Bun runs the sharpest growth tactic we verified anywhere in this research program, and it isn't a docs page — it's two files its scaffolder writes into your project.

**The injection.** When you run `bun init`, the CLI detects the agent environment and acts on it. Bun's docs, verbatim (bun.com/docs/runtime/templating/init.md, observed 2026-06-11): it writes "a CLAUDE.md file when Claude CLI is detected... a .cursor/rules/*.mdc file to guide Cursor AI to use Bun instead of Node.js and npm when Cursor is detected." The write is disclosed in the printed output:

> `+ .cursor/rules/use-bun-instead-of-node-vite-npm-pnpm.mdc -> CLAUDE.md`
> — `bun init` output (bun.com/docs/runtime/templating/init.md)
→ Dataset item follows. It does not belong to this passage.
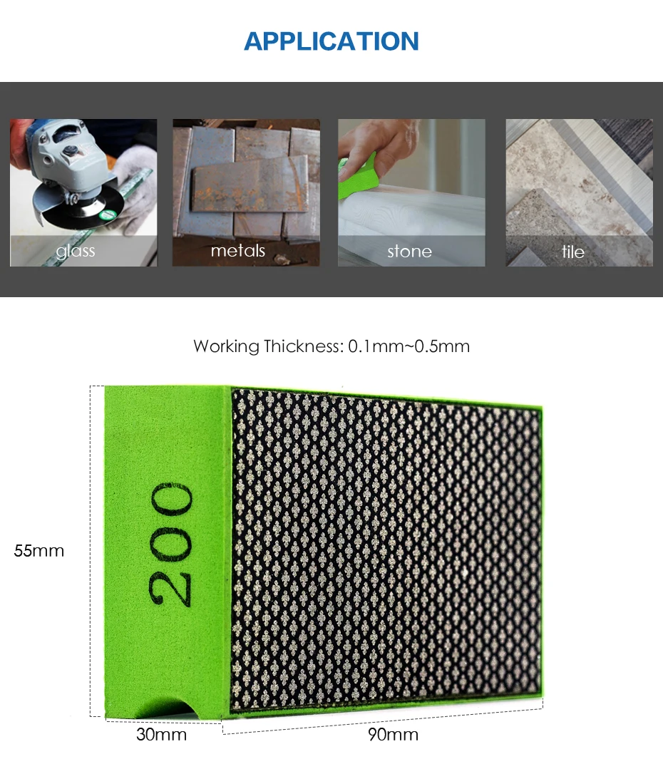 Применение:Для ручной полировки или восстановления царапин на широком спектре материалов, они идеально подходят для полировки гранита, мраморного стекла и бетона, где и для особой формы.

Read that filename again: `use-bun-instead-of-node-vite-npm-pnpm.mdc`. **The filename is the strategy** — a standing instruction to prefer Bun over Node, Vite-via-npm, and pnpm, installed at scaffold time, read by every future AI session in that repo, persisting indefinitely. The opt-out is documented next to the feature: `$BUN_AGENT_RULE_DISABLED=1` skips injection entirely.

The full sequence, as documented:

1. A developer — or an agent — runs `bun init`.
2. The CLI detects the environment (Claude CLI present, Cursor present); detection-based, not unconditional.
3. It writes `CLAUDE.md` and the `.cursor/rules` file, and discloses both in the printed file list.
4. `$BUN_AGENT_RULE_DISABLED=1` skips the writes entirely.
5. Every future AI session in that repo reads the rules at session start and emits Bun commands by default.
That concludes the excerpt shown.